** Source data follows **
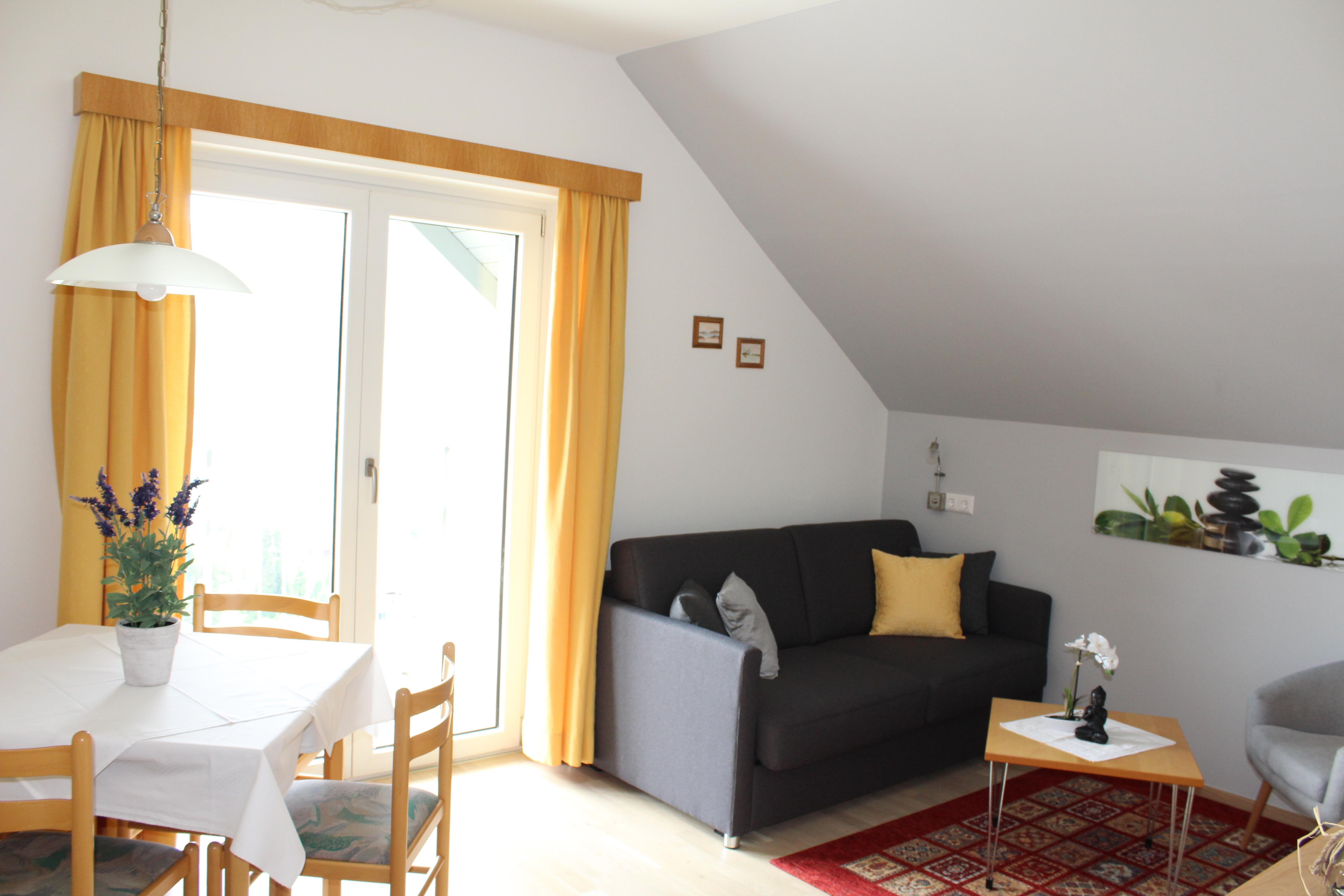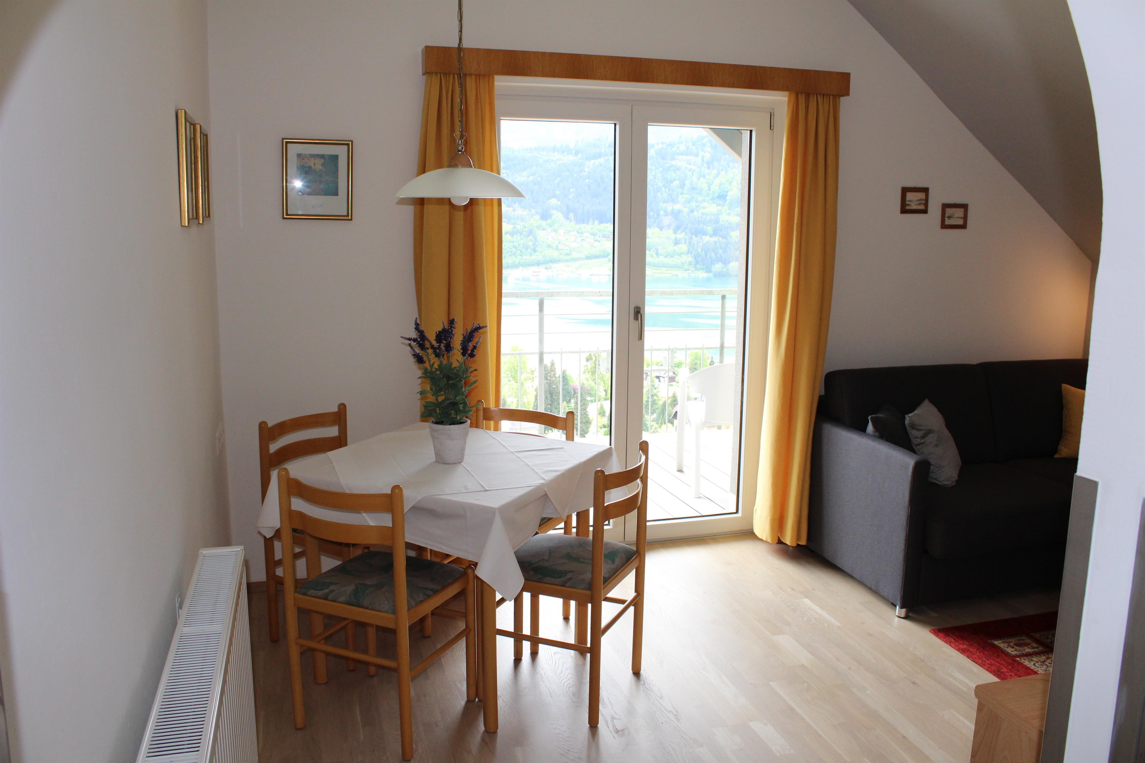 Ferienwohnung für 2 Personen mit 1 Schlafzimmer, 1 Wohnzimmer, Dusche/WC, voll eingerichtete Kochnische, Vorraum, WC extra, Radio, Sat-TV, großzügigen Balkon nach Süden mit Blick auf den See, den Ort Millstatt und die Berge.
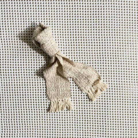 こちらは元々は、キッズ&ベビー用のマフラーとして作ったものですが、大人の方にもコンパクトに巻けると大変ご好評いただいております。
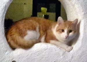 CLEO ist 10 Jahre alt. Sie hat ein rot getigertes Fell mit weißer Brust, Bauch und Pfoten. Auffällig ist die rote Zeichnung um ihre Nase. CLEO ist Freigängerin und Fremden gegenüber sehr scheu.
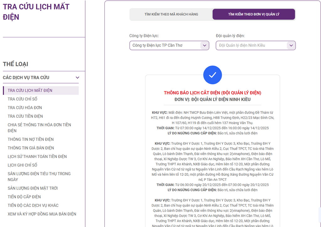 Lịch ngừng cấp điện trên địa bàn Cần Thơ ngày mai 18/12 được cập nhật vào ngày 17/12 tại website của EVNSPC.
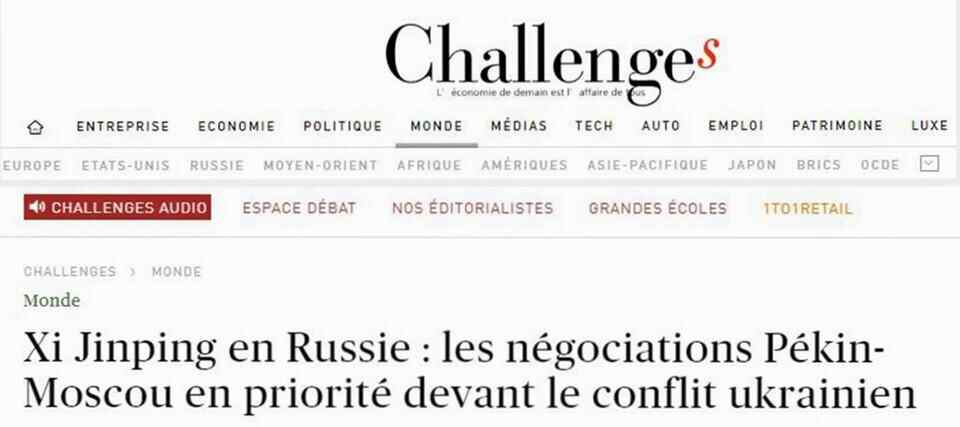 法国《挑战者报》20日报道指出,中国国家主席习近平对俄罗斯进行为期三天的国事访问是友谊之旅、合作之旅、和平之旅,为中俄双边关系发展注入了“新动力”。此次访问还具有重要的经济意义。法国《观点》杂志20日援引法新社报道称,习近平此次俄罗斯之行意义重大,对推动俄罗斯经济发展具有重要作用,有助于俄罗斯缓解当前面临的困境。
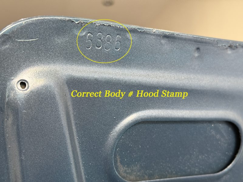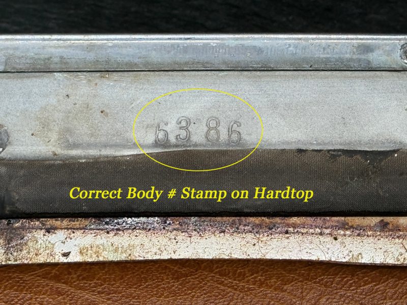 All original sheet metal and floors. Correct body # stamped on hard top, hood, and transmission plate.
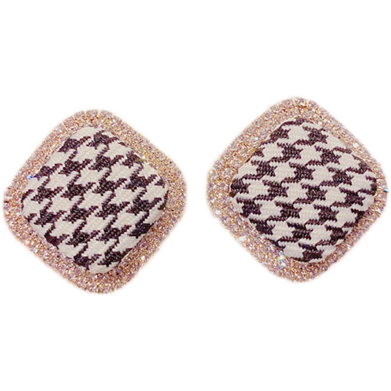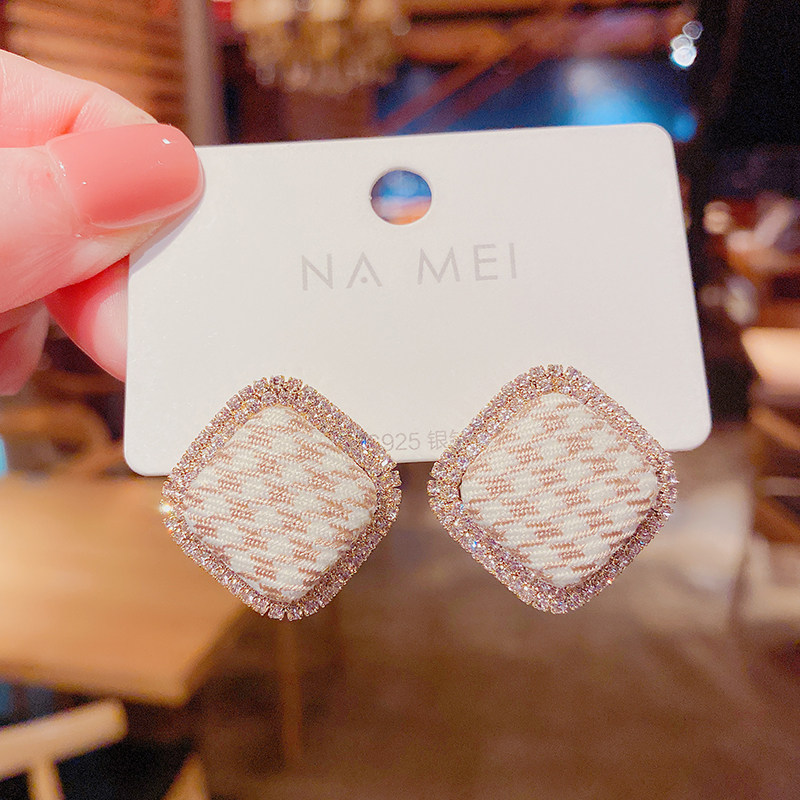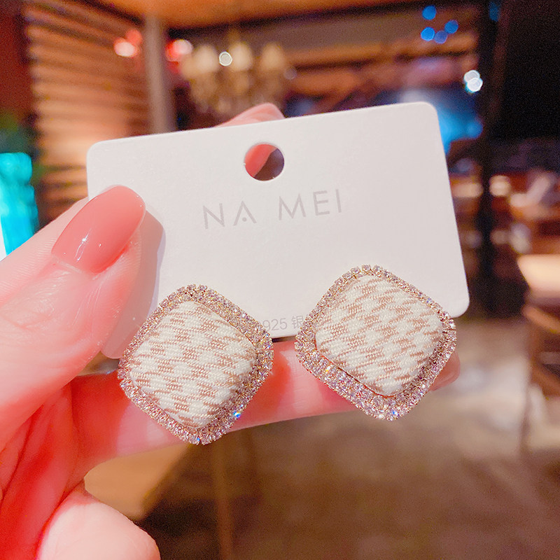 Korean houndstooth cloth art square earrings women's 2023 new autumn and winter noble earrings s925 silver needle earrings
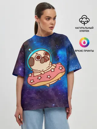 Женская футболка оверсайз / Мопс Космонавт
** End of Source data **
**What you have to do:**
Write the listing above out again exactly, dropping each image.

**Solution to this problem:**
 Ferienwohnung für 2 Personen mit 1 Schlafzimmer, 1 Wohnzimmer, Dusche/WC, voll eingerichtete Kochnische, Vorraum, WC extra, Radio, Sat-TV, großzügigen Balkon nach Süden mit Blick auf den See, den Ort Millstatt und die Berge.
 こちらは元々は、キッズ&ベビー用のマフラーとして作ったものですが、大人の方にもコンパクトに巻けると大変ご好評いただいております。
 CLEO ist 10 Jahre alt. Sie hat ein rot getigertes Fell mit weißer Brust, Bauch und Pfoten. Auffällig ist die rote Zeichnung um ihre Nase. CLEO ist Freigängerin und Fremden gegenüber sehr scheu.
 Lịch ngừng cấp điện trên địa bàn Cần Thơ ngày mai 18/12 được cập nhật vào ngày 17/12 tại website của EVNSPC.
 法国《挑战者报》20日报道指出,中国国家主席习近平对俄罗斯进行为期三天的国事访问是友谊之旅、合作之旅、和平之旅,为中俄双边关系发展注入了“新动力”。此次访问还具有重要的经济意义。法国《观点》杂志20日援引法新社报道称,习近平此次俄罗斯之行意义重大,对推动俄罗斯经济发展具有重要作用,有助于俄罗斯缓解当前面临的困境。
 All original sheet metal and floors. Correct body # stamped on hard top, hood, and transmission plate.
 Korean houndstooth cloth art square earrings women's 2023 new autumn and winter noble earrings s925 silver needle earrings
 Женская футболка оверсайз / Мопс Космонавт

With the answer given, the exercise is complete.